Work to complete — Each line of the data that includes "perfect" must be copied.

Supplied records —
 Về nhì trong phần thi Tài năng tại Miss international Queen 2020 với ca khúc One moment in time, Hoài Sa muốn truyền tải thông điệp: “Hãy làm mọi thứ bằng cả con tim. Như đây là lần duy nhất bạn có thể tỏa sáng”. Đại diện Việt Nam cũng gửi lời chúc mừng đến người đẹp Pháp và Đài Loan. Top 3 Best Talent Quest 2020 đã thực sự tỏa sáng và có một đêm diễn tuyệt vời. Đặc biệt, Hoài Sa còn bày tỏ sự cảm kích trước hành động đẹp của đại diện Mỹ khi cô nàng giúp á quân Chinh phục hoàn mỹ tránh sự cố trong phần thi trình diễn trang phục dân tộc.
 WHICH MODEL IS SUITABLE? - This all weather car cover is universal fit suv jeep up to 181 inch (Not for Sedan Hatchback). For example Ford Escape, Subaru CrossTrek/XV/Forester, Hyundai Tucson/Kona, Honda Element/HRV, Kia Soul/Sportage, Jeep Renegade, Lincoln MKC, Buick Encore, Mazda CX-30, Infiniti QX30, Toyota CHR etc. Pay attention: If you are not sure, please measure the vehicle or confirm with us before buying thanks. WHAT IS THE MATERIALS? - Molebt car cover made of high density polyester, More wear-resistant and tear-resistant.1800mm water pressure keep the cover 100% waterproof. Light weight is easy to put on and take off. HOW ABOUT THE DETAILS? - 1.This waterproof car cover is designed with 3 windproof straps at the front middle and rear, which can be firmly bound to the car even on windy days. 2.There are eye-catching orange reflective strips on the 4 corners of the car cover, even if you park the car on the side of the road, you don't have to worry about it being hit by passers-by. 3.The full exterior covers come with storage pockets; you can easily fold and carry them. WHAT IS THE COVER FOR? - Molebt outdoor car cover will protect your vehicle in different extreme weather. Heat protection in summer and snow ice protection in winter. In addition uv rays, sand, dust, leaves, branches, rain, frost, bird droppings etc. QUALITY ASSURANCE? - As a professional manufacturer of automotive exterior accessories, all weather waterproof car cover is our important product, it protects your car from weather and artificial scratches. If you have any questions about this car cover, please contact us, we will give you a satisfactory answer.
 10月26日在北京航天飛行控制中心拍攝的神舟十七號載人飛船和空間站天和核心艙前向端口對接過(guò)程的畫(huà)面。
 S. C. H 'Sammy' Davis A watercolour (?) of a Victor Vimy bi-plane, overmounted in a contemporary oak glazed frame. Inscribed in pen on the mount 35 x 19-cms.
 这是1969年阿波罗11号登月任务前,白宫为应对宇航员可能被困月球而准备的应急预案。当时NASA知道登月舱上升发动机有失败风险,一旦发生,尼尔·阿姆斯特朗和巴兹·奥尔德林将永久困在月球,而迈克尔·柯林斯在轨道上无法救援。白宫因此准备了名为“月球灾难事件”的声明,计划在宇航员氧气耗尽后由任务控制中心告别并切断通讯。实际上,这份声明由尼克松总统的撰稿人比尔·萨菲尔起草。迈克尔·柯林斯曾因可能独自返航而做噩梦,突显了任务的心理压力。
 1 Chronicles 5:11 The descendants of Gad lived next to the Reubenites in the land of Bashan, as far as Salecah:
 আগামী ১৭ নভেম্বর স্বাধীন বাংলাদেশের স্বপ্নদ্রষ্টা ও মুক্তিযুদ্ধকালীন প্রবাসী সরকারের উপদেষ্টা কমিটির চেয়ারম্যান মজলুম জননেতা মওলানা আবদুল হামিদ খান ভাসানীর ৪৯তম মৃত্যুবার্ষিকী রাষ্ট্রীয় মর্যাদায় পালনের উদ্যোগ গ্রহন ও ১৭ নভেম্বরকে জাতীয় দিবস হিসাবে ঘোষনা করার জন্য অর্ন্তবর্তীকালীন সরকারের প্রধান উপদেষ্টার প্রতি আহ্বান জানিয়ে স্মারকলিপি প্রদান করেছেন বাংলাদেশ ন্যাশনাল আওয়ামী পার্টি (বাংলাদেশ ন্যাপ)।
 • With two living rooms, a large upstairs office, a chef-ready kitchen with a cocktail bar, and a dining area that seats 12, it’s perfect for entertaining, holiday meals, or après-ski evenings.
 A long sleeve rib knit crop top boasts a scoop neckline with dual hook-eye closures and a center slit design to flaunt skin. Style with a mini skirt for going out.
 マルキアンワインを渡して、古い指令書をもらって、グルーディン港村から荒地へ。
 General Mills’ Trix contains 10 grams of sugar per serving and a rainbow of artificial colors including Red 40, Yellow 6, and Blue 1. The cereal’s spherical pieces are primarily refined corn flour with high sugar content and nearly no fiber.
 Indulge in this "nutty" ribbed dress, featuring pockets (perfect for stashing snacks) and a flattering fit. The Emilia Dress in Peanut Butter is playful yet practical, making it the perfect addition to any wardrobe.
==
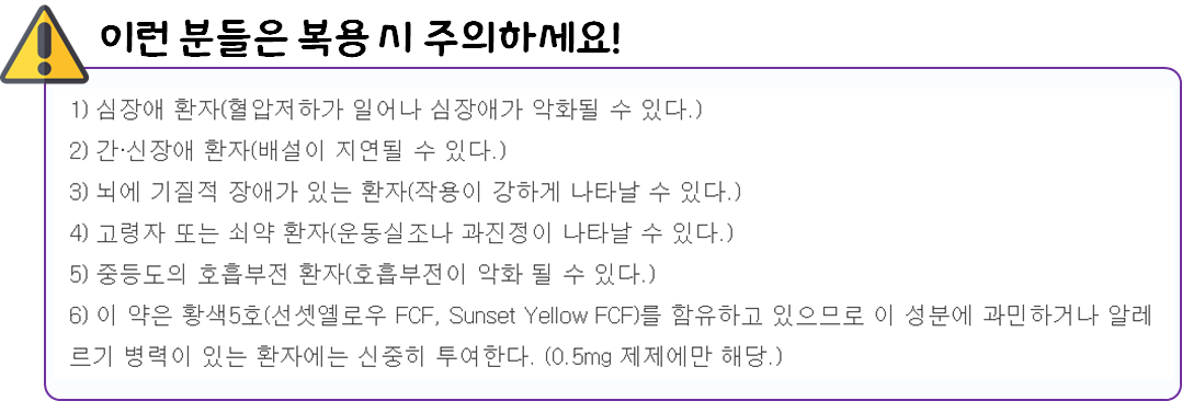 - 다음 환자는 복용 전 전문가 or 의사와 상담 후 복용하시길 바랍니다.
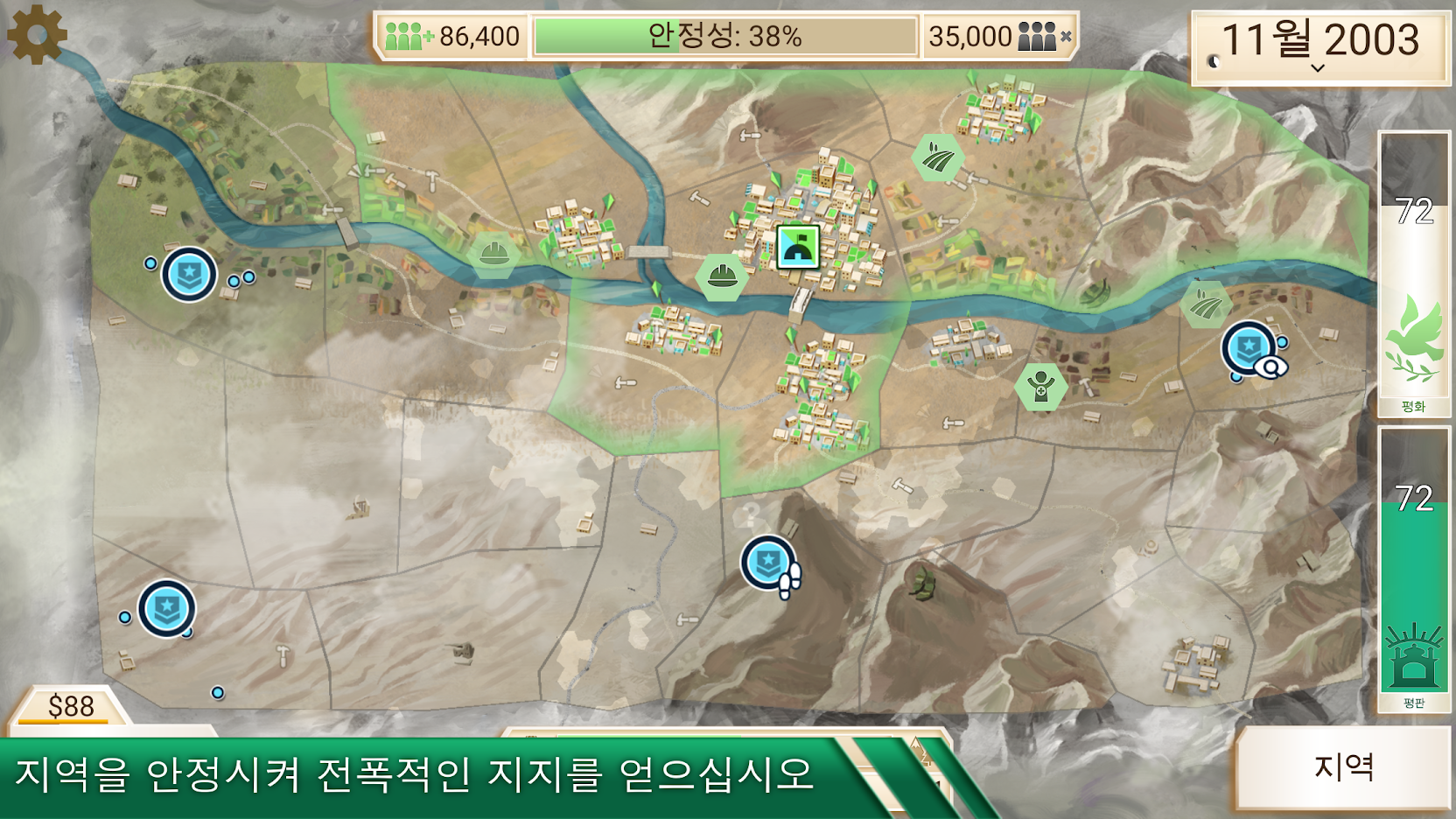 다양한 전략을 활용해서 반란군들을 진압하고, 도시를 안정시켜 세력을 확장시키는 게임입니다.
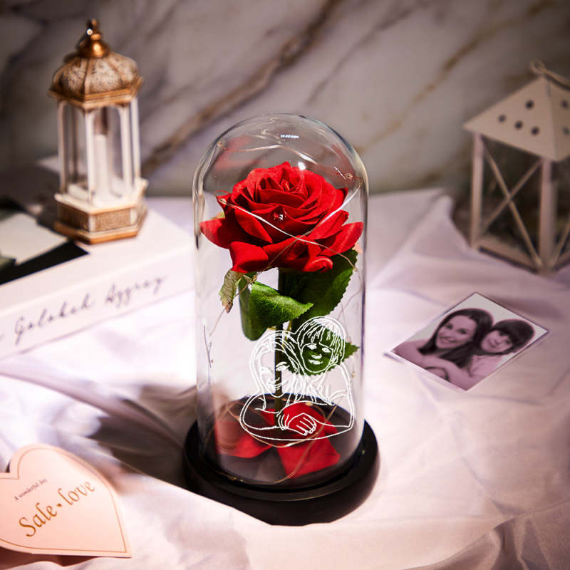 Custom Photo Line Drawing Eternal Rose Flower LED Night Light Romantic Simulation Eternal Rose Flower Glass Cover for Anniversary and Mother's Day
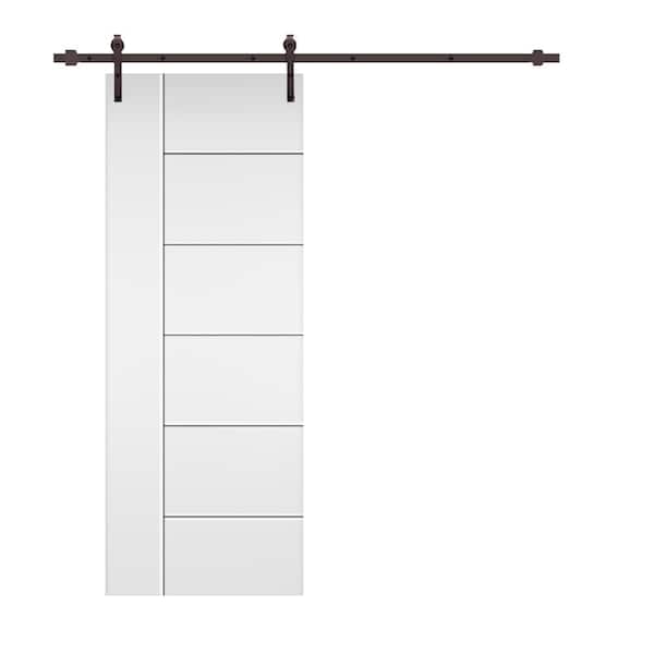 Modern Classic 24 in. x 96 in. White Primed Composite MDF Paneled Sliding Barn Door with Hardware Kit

Response —
 • With two living rooms, a large upstairs office, a chef-ready kitchen with a cocktail bar, and a dining area that seats 12, it’s perfect for entertaining, holiday meals, or après-ski evenings.
 Indulge in this "nutty" ribbed dress, featuring pockets (perfect for stashing snacks) and a flattering fit. The Emilia Dress in Peanut Butter is playful yet practical, making it the perfect addition to any wardrobe.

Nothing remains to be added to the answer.